___ Data excerpts ___

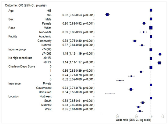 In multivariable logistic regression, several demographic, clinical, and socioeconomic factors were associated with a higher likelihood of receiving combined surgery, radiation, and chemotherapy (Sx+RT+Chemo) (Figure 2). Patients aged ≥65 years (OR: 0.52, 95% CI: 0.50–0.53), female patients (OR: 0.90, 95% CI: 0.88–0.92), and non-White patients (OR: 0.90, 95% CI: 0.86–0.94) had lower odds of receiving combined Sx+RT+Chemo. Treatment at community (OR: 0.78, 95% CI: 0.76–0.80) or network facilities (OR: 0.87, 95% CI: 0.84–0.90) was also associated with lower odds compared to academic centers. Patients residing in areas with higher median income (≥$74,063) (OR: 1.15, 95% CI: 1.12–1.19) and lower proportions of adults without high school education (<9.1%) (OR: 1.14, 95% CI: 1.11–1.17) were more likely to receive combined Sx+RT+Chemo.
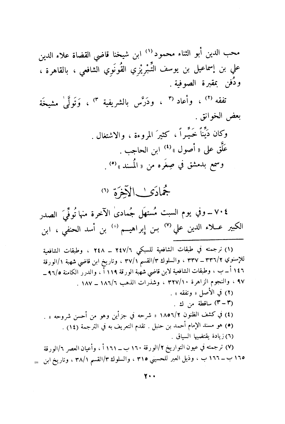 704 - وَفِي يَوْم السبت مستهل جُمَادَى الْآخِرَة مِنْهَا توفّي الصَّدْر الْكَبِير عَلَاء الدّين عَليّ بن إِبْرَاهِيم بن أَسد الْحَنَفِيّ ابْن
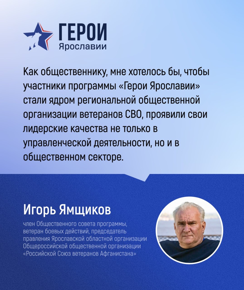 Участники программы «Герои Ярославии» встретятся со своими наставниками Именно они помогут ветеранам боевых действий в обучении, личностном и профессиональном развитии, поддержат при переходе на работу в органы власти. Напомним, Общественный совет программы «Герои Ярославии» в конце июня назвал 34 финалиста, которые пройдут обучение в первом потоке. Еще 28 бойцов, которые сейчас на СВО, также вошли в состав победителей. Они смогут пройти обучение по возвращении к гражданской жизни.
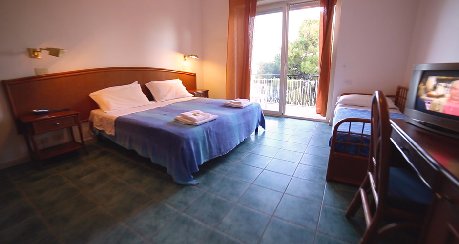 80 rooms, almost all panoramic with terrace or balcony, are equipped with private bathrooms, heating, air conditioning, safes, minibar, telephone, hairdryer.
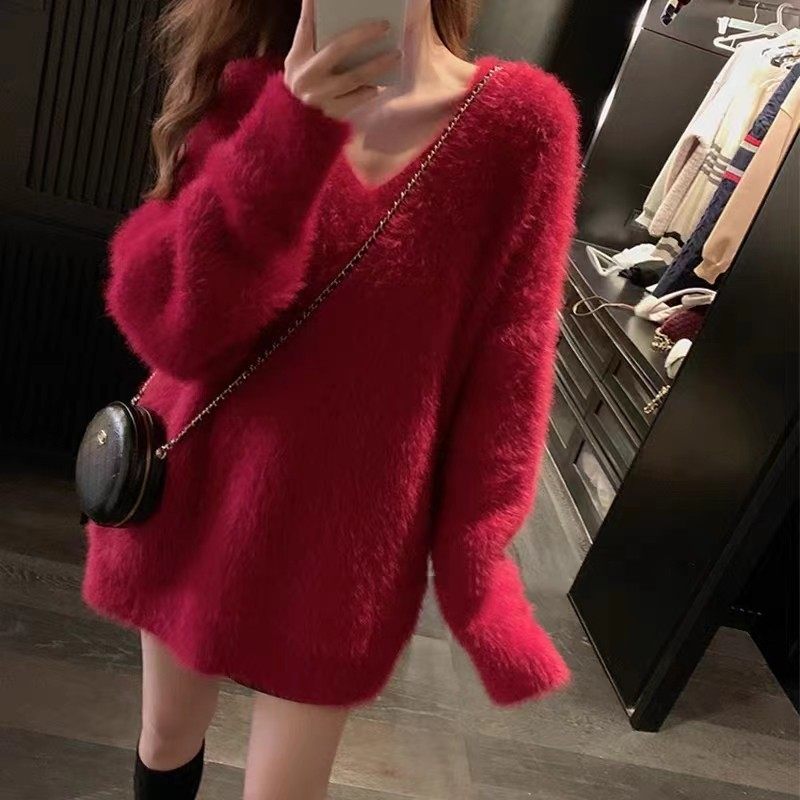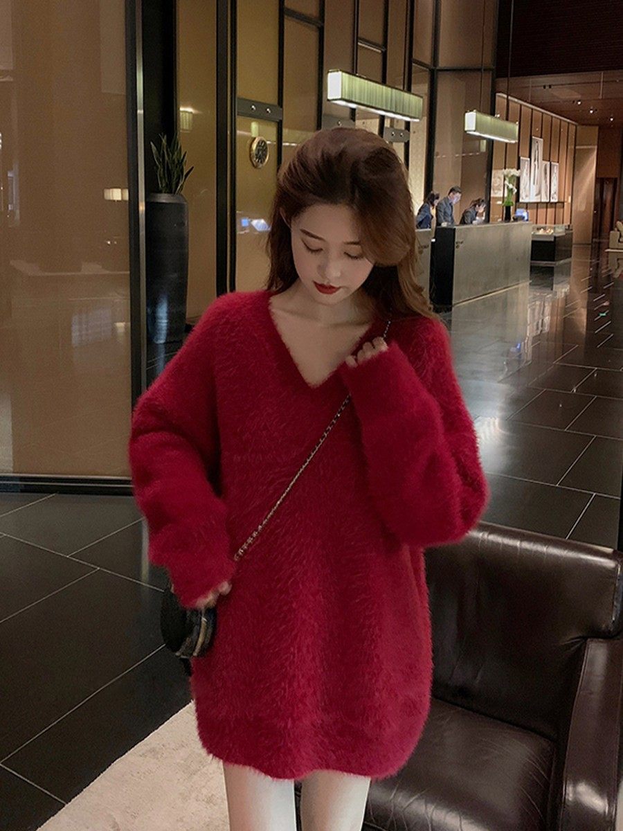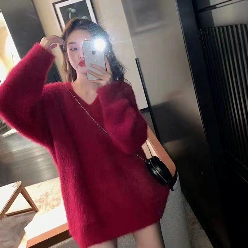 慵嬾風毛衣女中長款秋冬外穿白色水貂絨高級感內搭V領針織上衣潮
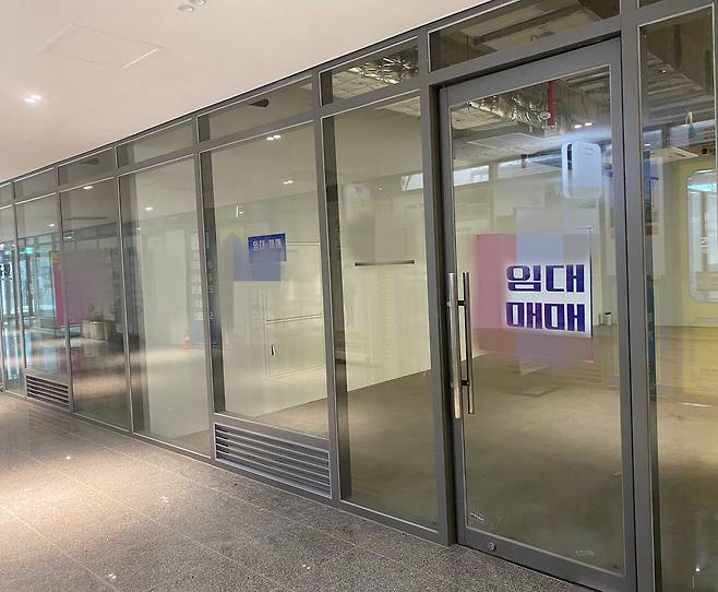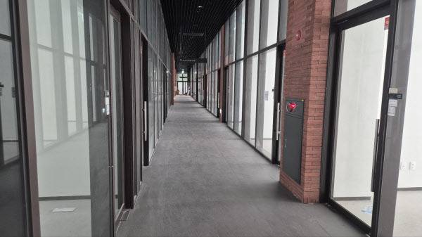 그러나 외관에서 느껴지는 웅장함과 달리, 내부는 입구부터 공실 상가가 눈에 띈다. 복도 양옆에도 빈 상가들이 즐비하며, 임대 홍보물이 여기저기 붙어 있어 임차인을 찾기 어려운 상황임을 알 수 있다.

___

Word for word, restate the lines from the first line of the material through the line containing "704 - وَفِي", with the pictures left out.

 In multivariable logistic regression, several demographic, clinical, and socioeconomic factors were associated with a higher likelihood of receiving combined surgery, radiation, and chemotherapy (Sx+RT+Chemo) (Figure 2). Patients aged ≥65 years (OR: 0.52, 95% CI: 0.50–0.53), female patients (OR: 0.90, 95% CI: 0.88–0.92), and non-White patients (OR: 0.90, 95% CI: 0.86–0.94) had lower odds of receiving combined Sx+RT+Chemo. Treatment at community (OR: 0.78, 95% CI: 0.76–0.80) or network facilities (OR: 0.87, 95% CI: 0.84–0.90) was also associated with lower odds compared to academic centers. Patients residing in areas with higher median income (≥$74,063) (OR: 1.15, 95% CI: 1.12–1.19) and lower proportions of adults without high school education (<9.1%) (OR: 1.14, 95% CI: 1.11–1.17) were more likely to receive combined Sx+RT+Chemo.
 704 - وَفِي يَوْم السبت مستهل جُمَادَى الْآخِرَة مِنْهَا توفّي الصَّدْر الْكَبِير عَلَاء الدّين عَليّ بن إِبْرَاهِيم بن أَسد الْحَنَفِيّ ابْن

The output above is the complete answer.